_MATERIAL TO PROCESS_.
━━━━━━━━
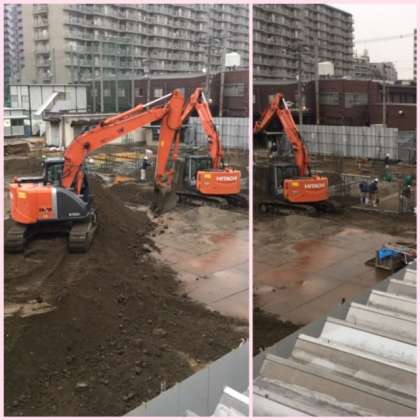 18日(水)、朝からの雨。北館校舎の建て替え工事は雨の中でも工事が進められています。
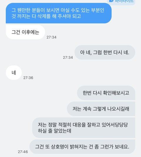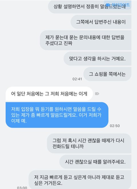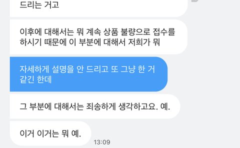 내 말투가 격양되어있었음 받자마자 저런말이나 하는데 일주일분노+ 더 화남 진정 어려웠음 그렇다고 소리지르거나 이런건 없었음 진정해라~~이러고있음 이때 나한테 사과는 했음 하지만 이미 초반부터 저런식으로 나와서 진정성 1도 안느껴짐
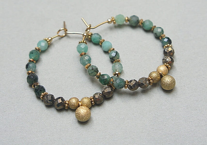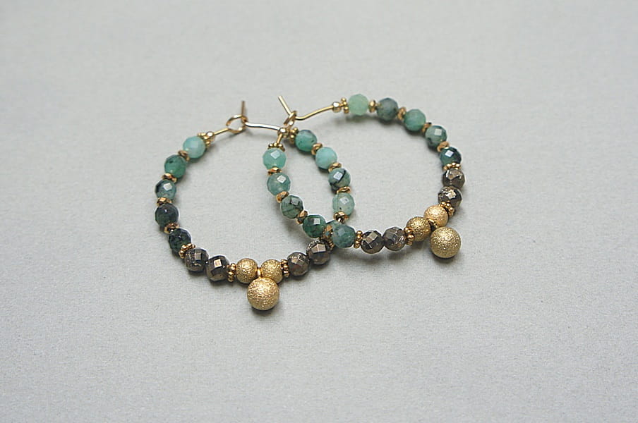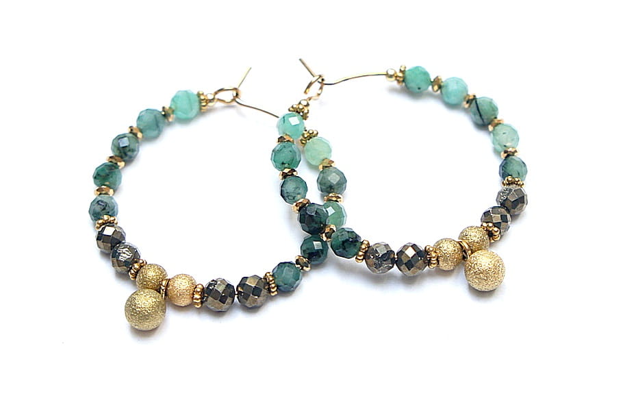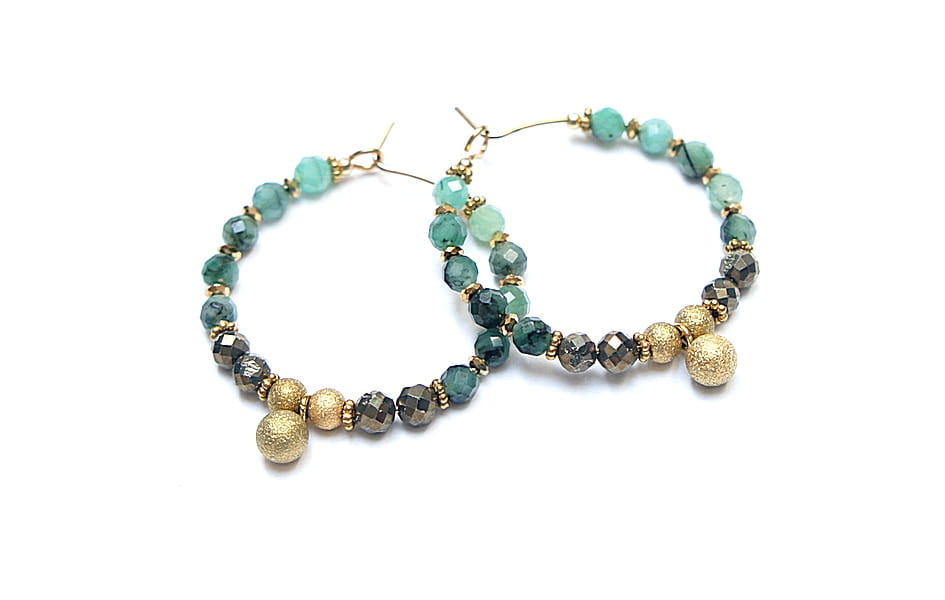 Kolczyki wykonane ze stali szlachetnej pokrytej zlotem, szmaragdów fasetowanych [3,5mm], pirytów fasetowanych [3,5mm], przekładek z hematytu [1mm]. Średnica kół 30mm. Biżuteria ozdobnie zapakowana
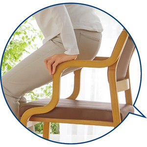 サイドフレームのグリップを握ることで安定感よく立ち座りができます。
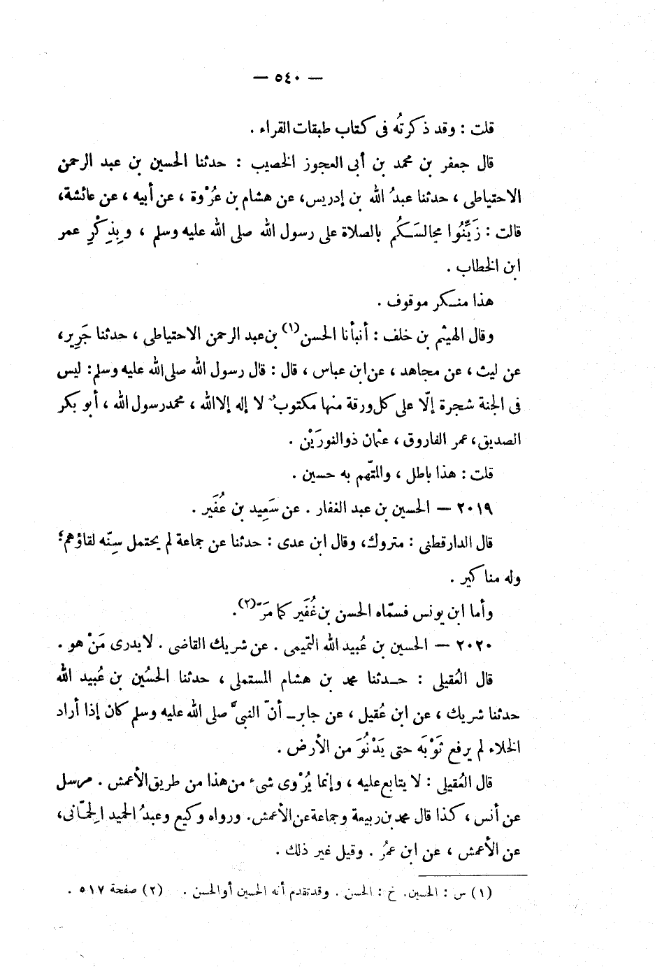 قال جعفر بن محمد بن أبي العجوز الخصيب: حدثنا الحسين بن عبد الرحمن
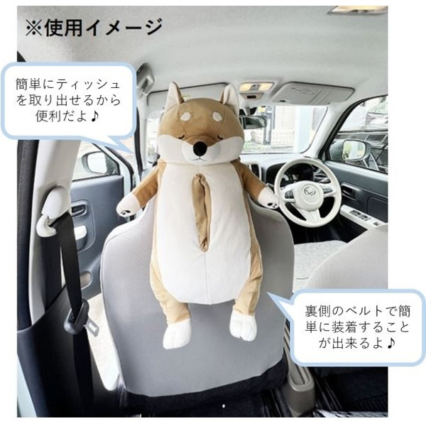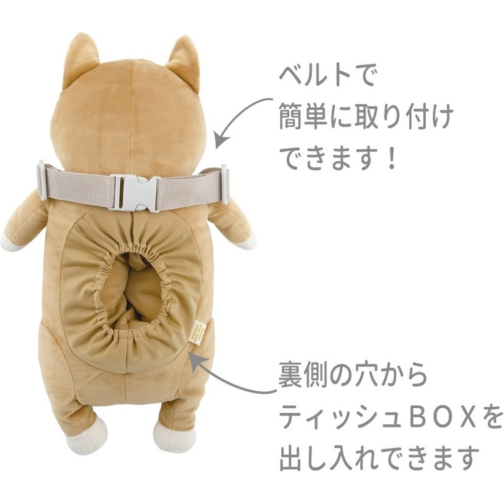 背中側のベルトを使ってヘッドレストに装着できます。箱ティッシュの出し入れも背中側から簡単に出来ます。
━━━━━━━━
_TASK OBJECTIVE_. Your answer must be exactly the lines from the one containing "قال جعفر بن" through the last line of the records above, both included, with every picture left out.

_ANSWER FOR THIS EXERCISE_.
 قال جعفر بن محمد بن أبي العجوز الخصيب: حدثنا الحسين بن عبد الرحمن
 背中側のベルトを使ってヘッドレストに装着できます。箱ティッシュの出し入れも背中側から簡単に出来ます。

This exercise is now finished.